London School of Economics and Political Science

26 Nov 2024

Check-in

  • We’re thinking through ways that we can identify the effect of interest without having to control for everything
  • One way is by focusing on within variation - if all the endogeneity can be controlled for or only varies between-individuals, we can just focus on within variation to identify it
  • Con: washes out a lot of variation! Result can be noisier if there’s not much within-variation to work with
  • Also, this requires no endogenous variation over time
  • That might be a tricky assumption! Often there are plenty of back doors that shift over time

Regression Discontinuity

  • Today we are going to talk about Regression discontinuity design (RDD)
  • It doesn’t apply everywhere, but when it does, it’s very easy to buy the identification assumptions
  • Not that it doesn’t have its own issues, of course, but it’s pretty good!

Regression Discontinuity

The basic idea is this:

  • We look for a treatment that is assigned on the basis of being above/below a cutoff value of a continuous variable
  • For example, if you get above a certain test score they let you into a “gifted and talented” program
    • Or if you are just on one side of a time zone line, your day starts one hour earlier/later
    • Or if a candidate gets 50.1% of the vote they’re in, 40.9% and they’re out

We call these continuous variables “Running variables” because we run along them until we hit the cutoff

Regression Discontinuity

  • But wait, hold on, if treatment is driven by running variables, won’t we have a back door going through those very same running variables?? Yes!
  • And we can’t just control for RunningVar because that’s where all the variation in treatment comes from. Uh oh!

Regression Discontinuity

  • The key here is realizing that the running variable affects treatment only when you go across the cutoff
  • So really the diagram looks like this!

Regression Discontinuity

  • So what does this mean?
  • If we can control for the running variable everywhere except the cutoff, then…
  • We will be controlling for the running variable, closing that back door
  • But leaving variation at the cutoff open, allowing for variation in treatment
  • We focus on just the variation around the treatment, narrowing the range of the running variable we use so sharply that it’s basically controlled for.

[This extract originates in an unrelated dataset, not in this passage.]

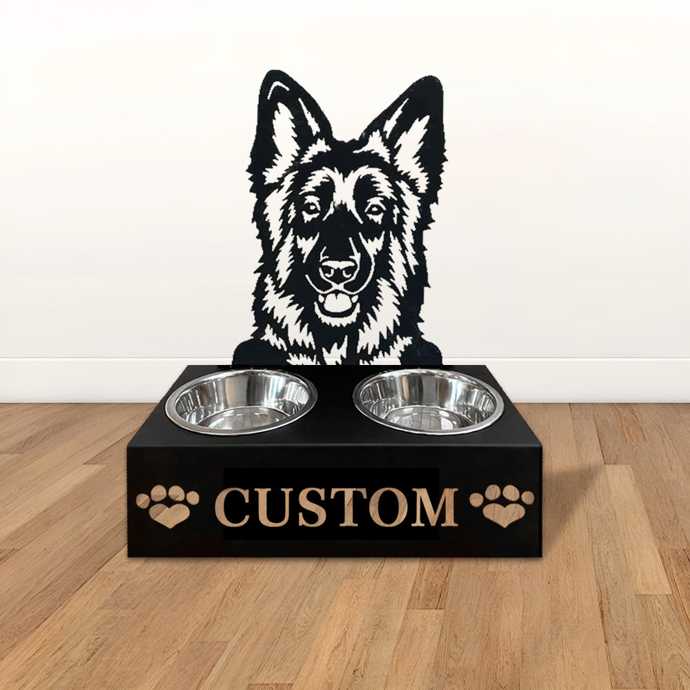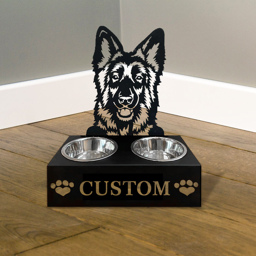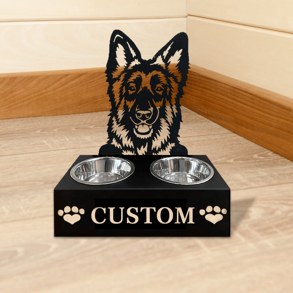 German Shepherd Personalized Name Pet Food Bowl Holder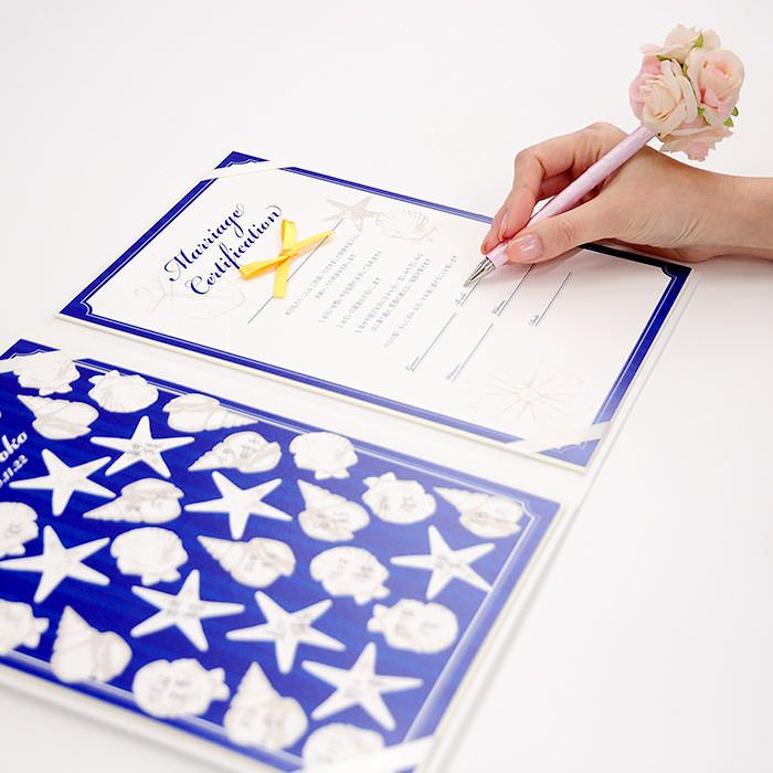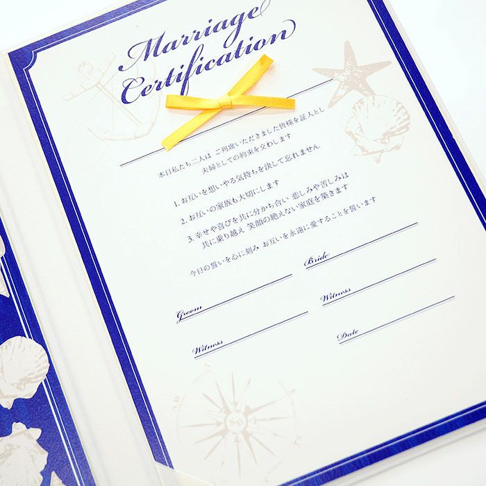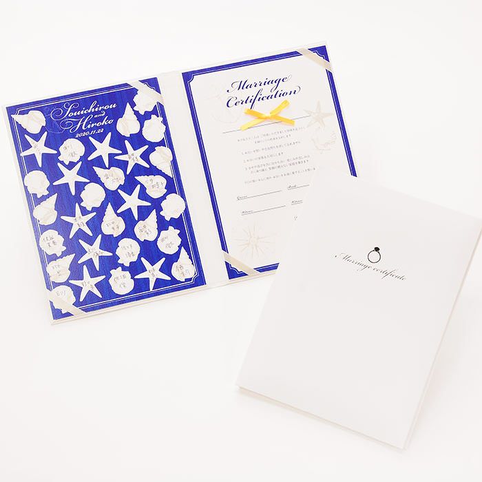 画像拡大 結婚証明書ゲスト参加型「マレーナネイビー」 (0) 商品番号 MC-marenanavy 販売価格 ¥ 9,130 税込 [ 83 ポイント進呈 ] 出荷の目安 通常 出荷予定 特急対応(有料) 出荷予定 +地域別の到着目安はこちら +商品制作にデータのご提出が必要な商品ですご注文からお届けまでの流れ 送料 商品合計 ¥15,000円以上送料無料(北海道、沖縄、一部地域除く) +地域別の送料はこちら 項目を指定してカートに入れる 商品についてのお問い合わせ 文章(宣言)(必須) 選択してください A B C D(通信欄に入力ください) 特急オプション(必須) 選択してください 希望しない→納期5営業日 希望する→納期3営業日(+¥2,200 税込) 新郎様のお名前(例 Tetsuya)(必須) ※ : / ~ などの半角記号は使用不可 新婦様のお名前(例 Kyoko)(必須) ※ : / ~ などの半角記号は使用不可 挙式日(例 20XX.11.22)(必須) ※ : / ~ などの半角記号は使用不可 お気に入り登録 1 2 3 4 5 6 7 8 9 10+ カートに入れる 閉じる × これと似た商品を見る 結婚証明書ゲスト参加型 マレーナネイビー ゲストにも参加いただく結婚の承認サイン。 人前式のお二人にピッタリの演出アイテムです。 結婚の宣言もお二人の言葉で入れれば 他にない、お二人だけのオリジナル結婚証明書になります。 右面:メッセージの文章タイプ(定型文またはオリジナル文) A We promise to be husband and wife before these witnesses here present. We swear to admire, love and help each other and to create a peaceful happy family. B 私たちは 今日ここにお集まりくださった 皆様の前で 生涯かわることなく お互いをいたわり合い 助け合い 楽しいことも 苦しいことも 二人で分かち合って 平和で幸せに満ちた 明るい家庭を築くことを誓います C 本日私たち二人は ご列席いただきました皆様を証人とし 夫婦としての約束を交わします 1.お互いを想いやる気持ちを決して忘れません 2.お互いの家族も大切にします 3.幸せや喜びを共に分かち合い 悲しみや苦しみは共に乗り越え 笑顔の絶えない家庭を築きます 今日の誓いを心に刻み お互いを永遠に愛することを誓います Dオリジナル オリジナル文章(200文字以内)※注文書の通信欄またはメールにご記入下さい ※オリジナル文章の句読点はデザインによりスペース等にさせていただく場合もございます ◆式に間に合わない! そんな方はこちら 結婚式に間に合わない…そんな方もご安心ください。ご注文時に特急オプション「希望する」をお選びの上、ご注文いただくとスピード対応いたします。※別途特急オプション料金が加算されます。 お届けの内容 結婚証明書…ホワイト1冊 証明シート(本人記帳用)…1枚 証明シート(ゲスト記帳用)…2枚 サイズ カバーサイズ197mm×266mm シートサイズ182mm×257mm 納期 5営業日(土日祝のぞく) 特急オプション「希望する」の場合は3営業日(土日祝のぞく) ※ただし、お支払いが銀行振込の場合はご入金確認後の手配となります お支払い方法 名入れ商品につき「代金引換」はお選びいただけません 関連商品の ご案内 写真追加プションお好きな写真を1点追加できます ゲスト参加型婚証明書専用ゲスト署名欄追加オプション レビューを書く

Then the effect of cutoff on treatment is like an experiment!

Regression Discontinuity

  • Basically, the idea is that right around the cutoff, treatment is randomly assigned
  • If you have a test score of 89.9 (not high enough for gifted-and-talented), you’re basically the same as someone who has a test score of 90.0 (just barely high enough)
  • But we get variation in treatment!
  • This specifically gives us the effect of treatment for people who are right around the cutoff a.k.a. a “local average treatment effect” (we still won’t know the effect of being put in gifted-and-talented for someone who gets a 30)

Regression Discontinuity

  • A very basic idea of this, before we even get to regression, is to create a binned chart
  • And see how the bin values jump at the cutoff
  • A binned chart chops the Y-axis up into bins
  • Then takes the average Y value within that bin. That’s it!
  • Then, we look at how those X bins relate to the Y binned values.
  • If it looks like a pretty normal, continuous relationship… then JUMPS UP at the cutoff X-axis value, that tells us that the treatment itself must be doing something!

Regression Discontinuity

Concept Checks

  • Why is it important that we look as norrowly as possible around the cutoff? What does this get us over comparing the entire treated and untreated groups?
  • Can you think of an example of a treatment that is assigned at least partially on a cutoff?
  • Why can’t we just control for the running variable as we normally would to solve the endogeneity problem?

Fitting Lines in RDD

  • Looking purely just at the cutoff and making no use of the space away from the cutoff throws out a lot of useful information
  • We know that the running variable is related to outcome, so we can probably improve our prediction of what the value on either side of the cutoff should be if we use data away from the cutoff to help with prediction than if we just use data near the cutoff, which is what that animation does
  • We can do this with good ol’ OLS.
  • The bin plot we did can help us pick a functional form for the slope

Fitting Lines in RDD

  • To be clear, producing the line(s) below is our goal. How can we do it?
  • The true model I’ve made is an RDD effect of .7, with a slope of 1 to the left of the cutoff and a slope of 1.5 to the right

Regression in RDD

  • First, we need to transform our data
  • We need a “Treated” variable that’s TRUE when treatment is applied - above or below the cutoff
  • Then, we are going to want a bunch of things to change at the cutoff. This will be easier if the running variable is centered around the cutoff. So we’ll turn our running variable \(X\) into \(X - cutoff\) and call that \(XCentered\)

Varying Slope

  • Typically, you will want to let the slope vary to either side
  • In effect, we are fitting an entirely different regression line on each side of the cutoff
  • We can do this by interacting both slope and intercept with \(treated\)!
  • Coefficient on Treated is how the intercept jumps - that’s our RDD effect. Coefficient on the interaction is how the slope changes

\[Y = \beta_0 + \beta_1Treated + \beta_2XCentered + \beta_3Treated\times XCentered + \varepsilon\]

Varying Slope

(as an aside, sometimes the effect of interest is the interaction term - the change in slope! This answers the question “does the effect of \(X\) on \(Y\) change at the cutoff? This is called a”regression kink” design. We won’t go more into it here, but it is out there!)

Polynomial Terms

  • We don’t need to stop at linear slopes!
  • Just like we brought in our knowledge of binary and interaction terms to understand the linear slope change, we can bring in polynomials too. Add a square maybe!
  • Don’t get too wild with cubes, quartics, etc. - polynomials tend to be at their “weirdest” near the edges, and we don’t want super-weird predictions right at the cutoff. It could give us a mistaken result!
  • A square term should be enough

Polynomial Terms

  • How do we do this? Interactions again. Take any regression equation… \[Y = \beta_0 + \beta_1X + \beta_2X^2 + \varepsilon\]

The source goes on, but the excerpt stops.